In the copy, keep the lines from the first line of the material below through the line containing "А потім, 11" exactly as they are, and include no pictures.
━━━ Supplied data
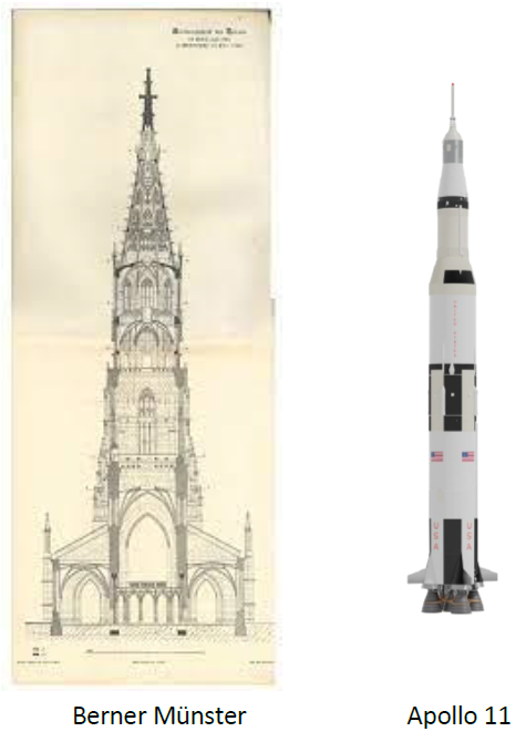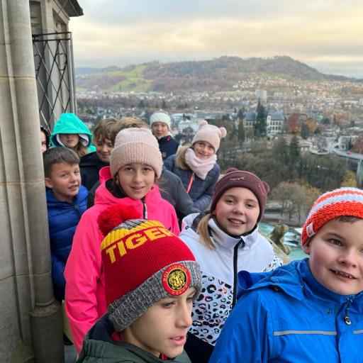 Der Ausblick vom Turm über die Stadt Bern zum Gurten hinüber war einmalig. Der Aufstieg mit den 90 Stufen war anstrengend und man durfte keine Höhenangst haben. Zum Vergleich: Die Saturnrakete, eine bemannte Rakete mit der ersten Mondlandung (Apollo 11 mit den drei Astronauten Neil Armstrong, Michael Collins und Buzz Aldrin) war 100 Meter hoch. Das Berner Münster überragt diese Rakete um 1 Meter!
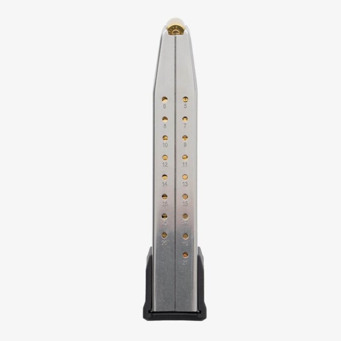 When capacity is king, durability and reliability are required. The AMAG 21 SG9 brings maximum capacity and rugged Magpul standards to the SIG P320/M17 platform, giving you an attractively priced and dependable magazine. The corrosion-resistant stainless-steel construction, long-life stainless spring, and high-visibility anti-tilt follower all combine with flared floorplates to make handling, firing, and maintenance simple, so you can carry more ammo, spend less time swapping mags, and trust your gear when it matters most.
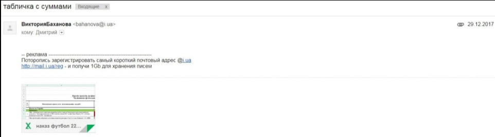 А потім, 11 лютого, лист із красномовною темою: "табличка все зійшлося", що містить файл "загальна з заробітком".
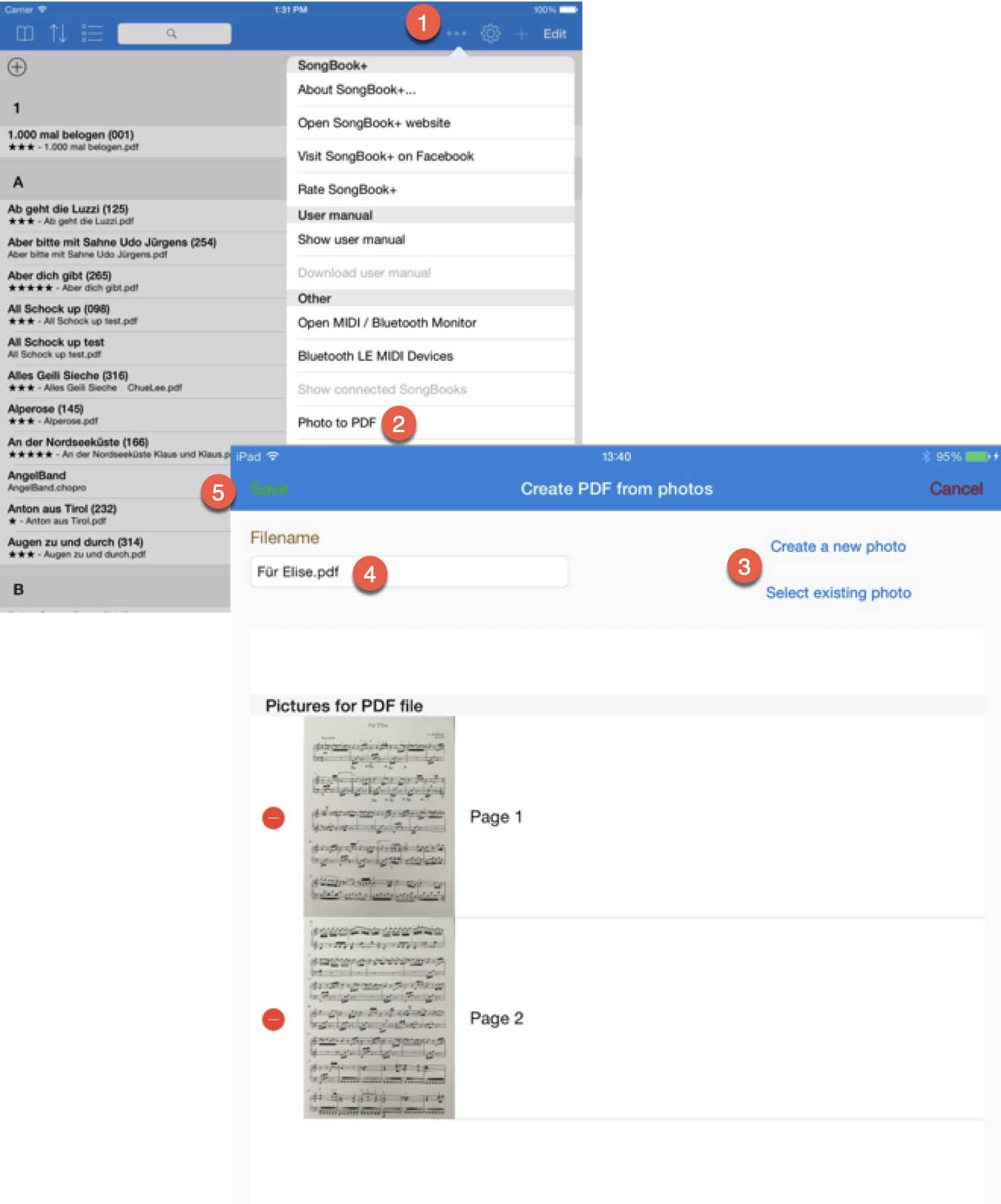 <img src="https://3056682839-files.gitbook.io/~/files/v0/b/gitbook-x-prod.appspot.com/o/spaces%2FU2Hd6xxR6DfZltkv8hvC%2Fuploads%2Fgit-blob-14af25b30b774428b15a988f9f808a4da873c60c%2Fbulletpoint-03.png?alt=media" alt="" data-size="line">Inserisci foto con la fotocamera integrata o seleziona foto già esistenti. Ogni foto inserita diventa una nuova pagina per il file PDF.
━━━━━━
Solved exercise:
 Der Ausblick vom Turm über die Stadt Bern zum Gurten hinüber war einmalig. Der Aufstieg mit den 90 Stufen war anstrengend und man durfte keine Höhenangst haben. Zum Vergleich: Die Saturnrakete, eine bemannte Rakete mit der ersten Mondlandung (Apollo 11 mit den drei Astronauten Neil Armstrong, Michael Collins und Buzz Aldrin) war 100 Meter hoch. Das Berner Münster überragt diese Rakete um 1 Meter!
 When capacity is king, durability and reliability are required. The AMAG 21 SG9 brings maximum capacity and rugged Magpul standards to the SIG P320/M17 platform, giving you an attractively priced and dependable magazine. The corrosion-resistant stainless-steel construction, long-life stainless spring, and high-visibility anti-tilt follower all combine with flared floorplates to make handling, firing, and maintenance simple, so you can carry more ammo, spend less time swapping mags, and trust your gear when it matters most.
 А потім, 11 лютого, лист із красномовною темою: "табличка все зійшлося", що містить файл "загальна з заробітком".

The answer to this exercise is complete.